At a high level, we know that there are three kinds of composite data:
Enumerated data types, with a finite set of distinct values
Structured data types, comprised of a finite set of pieces (either named as in structures, or positional as in arrays), where each piece is itself a value
Potentially-recursive union data, with a finite set of distinct categories of values, where each category of value could itself be structured, and where the pieces of those structures could themselves be union data.
The first kind of composite data really only manifests itself in the type system, where we need to be able to say, “These values are part of this enumeration, while those values are not.” Since enumerated data is merely a finite set of constants, we can simulate them merely by using some distinct set of integers.
Since union data is essentially an enumeration of structured data, if we had the ability to create structured data types, then we could encode union data types by adding a field to each value identifying which variant of the union this value belongs to.
But structured data does not admit such a simple encoding. It requires the ability to group several values into one, and use that compound thing as a value: it should be created by some expressions, used by others, and passed to and returned from functions. In other words, structured data is a fundamentally new thing in our language.
We can consider various kinds of structured data such as records with named fields (as
in Rust/C/C++ struct
). But the simplest form of structured data is the humble pair,
and its bigger cousin the array.
Standard reminder: Every time we enhance our source language, we need to consider several things:
Its impact on the concrete syntax of the language
Examples using the new enhancements, so we build intuition of them
Its impact on the abstract syntax and semantics of the language
Any new or changed transformations needed to process the new forms
Executable tests to confirm the enhancement works as intended
2 Adding pairs to our language
2.1 Syntax and examples
We’ll write pairs as
For example, [4, 5]
is a pair consisting of two numbers. The
flexibility of our grammar, though, allows us to nest pairs inside one another,
as in [3, [true || false, false]]
or [[[1, 2], 3], 4 + 5]
,
or any other combination we might attempt. However, in order to use our
pairs, we need to be able to access their components. We’ll do so with two new
primitive operators
The intended semantics are that these two primitives project out the first or
second components of the pairs: fst [3, 4] == 3
and
snd [4, [true,5]] == [true, 5]
.
We can add these expression forms to our AST easily enough, modelling the new accessors as unary primitives:
enum Exp<Ann> { ...
| Pair(Box<Exp<Ann>>, Box<Exp<Ann>>, Ann),
}
enum Prim1 { ... Fst, Snd
}
2.2 Representing pairs
Introducing pairs into our language is a much more invasive change than it
might appear. For the first time, we have values in our language that are too
big to fit into a register—
If we want to be able to use pairs as arguments to functions, we’d have to communicate to the callee that some of its arguments aren’t uniformly sized, so its initial environment can’t simply map the ith argument to
RBP + 8 * (i + 2)
. Perhaps we could convey this information via static types, but it certainly would complicate passing pairs to runtime functions likeprint
! This starts to break the calling convention, which breaks interoperability and therefore is not something to be done lightly.If we want to be able to return pairs from functions, we have to figure out how to so without using
RAX
as the entirety of our answer. Again this breaks the calling convention, and so we should reconsider.If we want to nest pairs inside each other, as in our examples above, then we immediately fail: In
[[1, 2], 3]
, there simply is no way to put both1
and2
at consecutive stack slots (because they’re part of a pair), and also put that entire pair and3
at consecutive stack slots —we need at least three slots!
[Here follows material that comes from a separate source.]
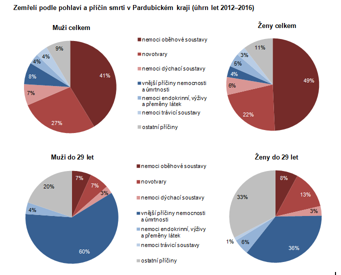 Zemřelí podle pohlaví a příčin smrti v Pardubickém kraji (úhrn let 2012–2016)
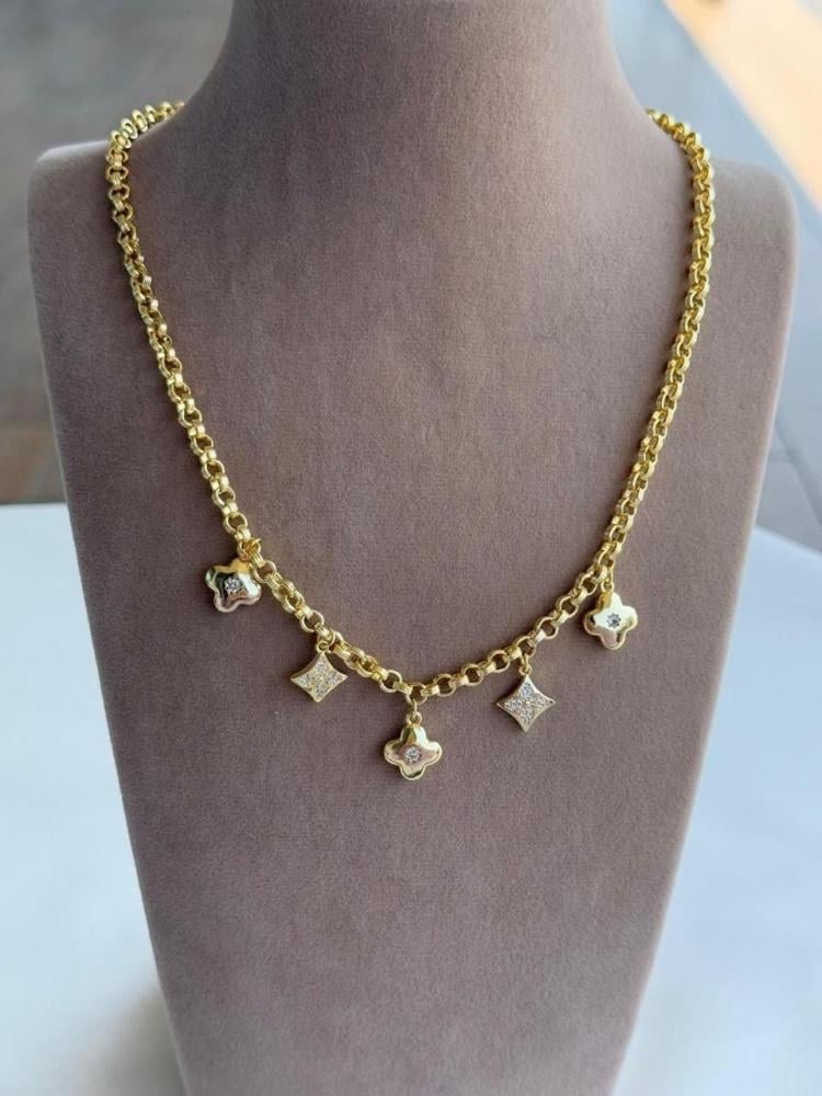 أضيفي لمسة من الفخامة إلى إطلالتك مع هذا الطقم الأنيق المطلي بالذهب، والمكون من سلسال أنيق وأساور جذابة مزينة بتعليقات متعددة بتصميم زخرفي فاخر. يتميز التصميم بالتوازن بين البساطة والرقي، ويُعدّ خيارًا مثاليًا للإطلالات اليومية أو المناسبات الخاصة.

Instead, we’re going to have to look elsewhere to store our pairs: we’re going to use the heap.
2.2.1 Introducing pointers
The heap is another region of memory, at numerically-smaller addresses than our stack, where we can potentially allocate space for whatever values we want. We’ll defer for a moment how exactly to do that, but suppose that we can. Then for each pair we have to evaluate, we can request space for two consecutive words of memory, and store the two halves of the pair in those two words. Crucially for us, the address of (the first of) those two words is unique: no other pair will exist at that exact address. And, even better, one address is small enough to fit into a register. We can use this address as the representation of our pairs: it is small enough to pass into and out of functions, and small enough to be placed into the components of another pair. By adding this indirection, we’ve solved all three of the failings above.
2.2.2 Tagging pair values
Of course, now that we have a new kind of value, we need a tag to go with it,
to distinguish pairs from booleans or integers. We have three tags
remaining, so we can arbitrarily choose one of them, say 0x1
, to mark our
pointers as pairs. This seems risky, though —
The easiest set of known bits to work with is 0b000
. Can we ensure that
every memory address we allocate always ends in three zero bits? Yes! “Ends
with three zero bits” is the same thing as saying “multiple of 8”
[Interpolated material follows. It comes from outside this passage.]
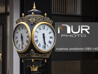 Clock in front of Trump Tower with the logo inscription of Trump tower on it. The main entrance of Trump Tower with the inscription on it and a US flag in New York City in the United States of America. The 58-floor skyscraper is reaching the height of 664 foot tall - 202 m,is a mixed-use condominium skyscraper at the Fifth Avenue in Midtown Manhattan hosts the headquarters for Trump Organization and houses the penthouse residence of the former US President Donald Trump, who is also a businessman and real estate developer. The building was designed by Der Scutt in modernism architecture style with glass and stepped facade at the building, construction began in 1979 in NYC. NYC, USA on May 2023
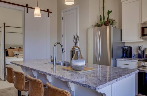 This charming Casita is perfect space for a couple. The name perfectly describes this homes décor! Sunsets and palms give the perfect feel for this beautiful St George getaway. The living area and kitchen is one open space. The kitchen is fully equipped and has a gorgeous island that provides seating for four. The living area is a perfect setting for relaxing and enjoying one another. Enjoy your favorite program on the flat screen Smart TV. The bedroom has a king size bed and a flat screen TV. You will notice the sunset décor continues throughout this home. The bathroom is separate and includes a washer/dryer unit.

Conveniently, our pairs are two words wide, which means they’re exactly 16 bytes
long. If we can ensure that every allocation we make is aligned to an
8-byte boundary, then all our addresses will end in 0x000
, which means we
are free to use those three bits for whatever tag we need.
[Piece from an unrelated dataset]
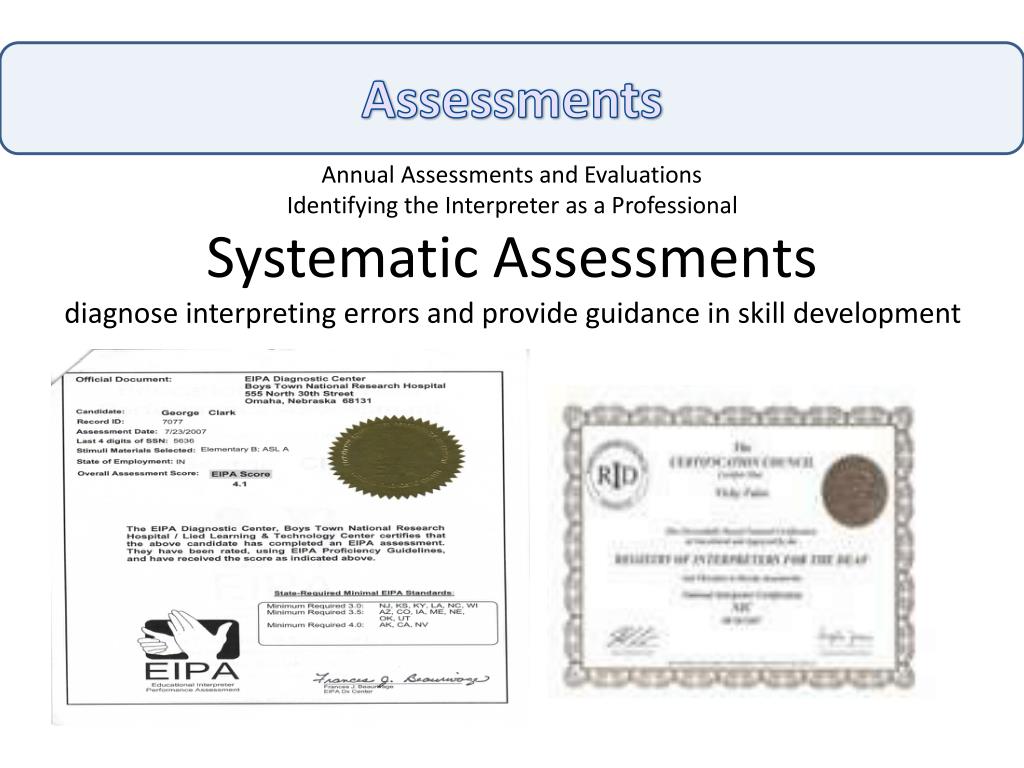 Systematic Assessmentsdiagnose interpreting errors and provide guidance in skill development Assessments Annual Assessments and Evaluations Identifying the Interpreter as a Professional

2.2.3 Allocating space on the heap
Where can we actually obtain memory from? We will use Rust’s memory allocation to obtain a big buffer of space to use, and we’ll manipulate that buffer directly from our assembly. (See below for how Rust might actually get itself started.)
Here is one possible strategy for handling memory; there are many others.
Let’s devote one register, R15
, to always store a pointer to the next
available heap location. Then “allocating a pair” amounts to storing two
values into [R15]
and [R15 + 8]
, and then incrementing
R15
by 16. (We’ll ignore out-of-memory errors and garbage collection, for
now.) Once again, if R15
started off as a multiple of 8, then after this
process it remains a multiple of 8, so our alignment invariant still holds.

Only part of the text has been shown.